RECORDS FOR THIS TASK:
=== Section Start ===
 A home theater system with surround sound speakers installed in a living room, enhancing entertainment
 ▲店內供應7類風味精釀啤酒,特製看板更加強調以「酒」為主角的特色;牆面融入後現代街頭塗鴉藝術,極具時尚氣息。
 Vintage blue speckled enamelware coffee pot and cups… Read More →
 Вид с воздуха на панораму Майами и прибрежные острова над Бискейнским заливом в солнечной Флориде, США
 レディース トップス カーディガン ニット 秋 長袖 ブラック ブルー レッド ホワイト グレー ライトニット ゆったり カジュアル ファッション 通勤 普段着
=== Section End ===
=== Section Start ===
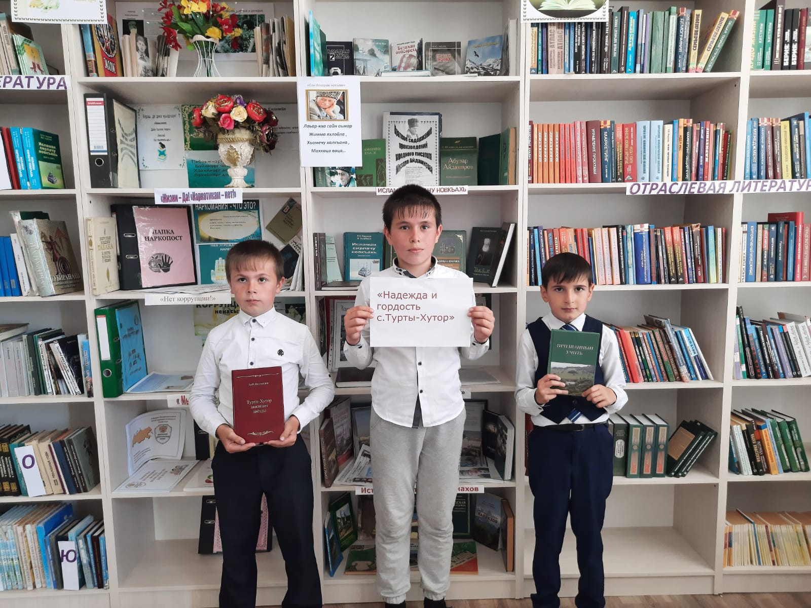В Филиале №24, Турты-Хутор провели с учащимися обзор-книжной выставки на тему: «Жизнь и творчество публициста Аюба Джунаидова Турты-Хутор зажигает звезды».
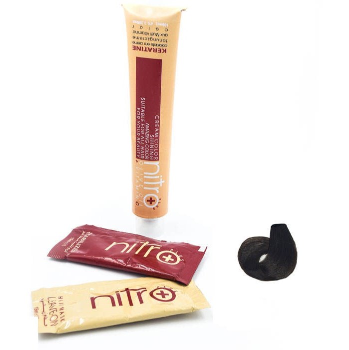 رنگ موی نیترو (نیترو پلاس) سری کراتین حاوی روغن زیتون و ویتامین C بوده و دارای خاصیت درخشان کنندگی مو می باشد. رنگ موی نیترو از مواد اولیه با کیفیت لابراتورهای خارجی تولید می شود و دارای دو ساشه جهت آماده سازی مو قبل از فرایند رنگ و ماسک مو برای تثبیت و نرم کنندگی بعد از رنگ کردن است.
=== Section End ===
ACTION ITEM:
Above are the records. Print exactly, and only, the lines from the line with "A home theater" to the line with "レディース トップス カーディガン", both inclusive.

OUTPUT OF THE TASK:
 A home theater system with surround sound speakers installed in a living room, enhancing entertainment
 ▲店內供應7類風味精釀啤酒,特製看板更加強調以「酒」為主角的特色;牆面融入後現代街頭塗鴉藝術,極具時尚氣息。
 Vintage blue speckled enamelware coffee pot and cups… Read More →
 Вид с воздуха на панораму Майами и прибрежные острова над Бискейнским заливом в солнечной Флориде, США
 レディース トップス カーディガン ニット 秋 長袖 ブラック ブルー レッド ホワイト グレー ライトニット ゆったり カジュアル ファッション 通勤 普段着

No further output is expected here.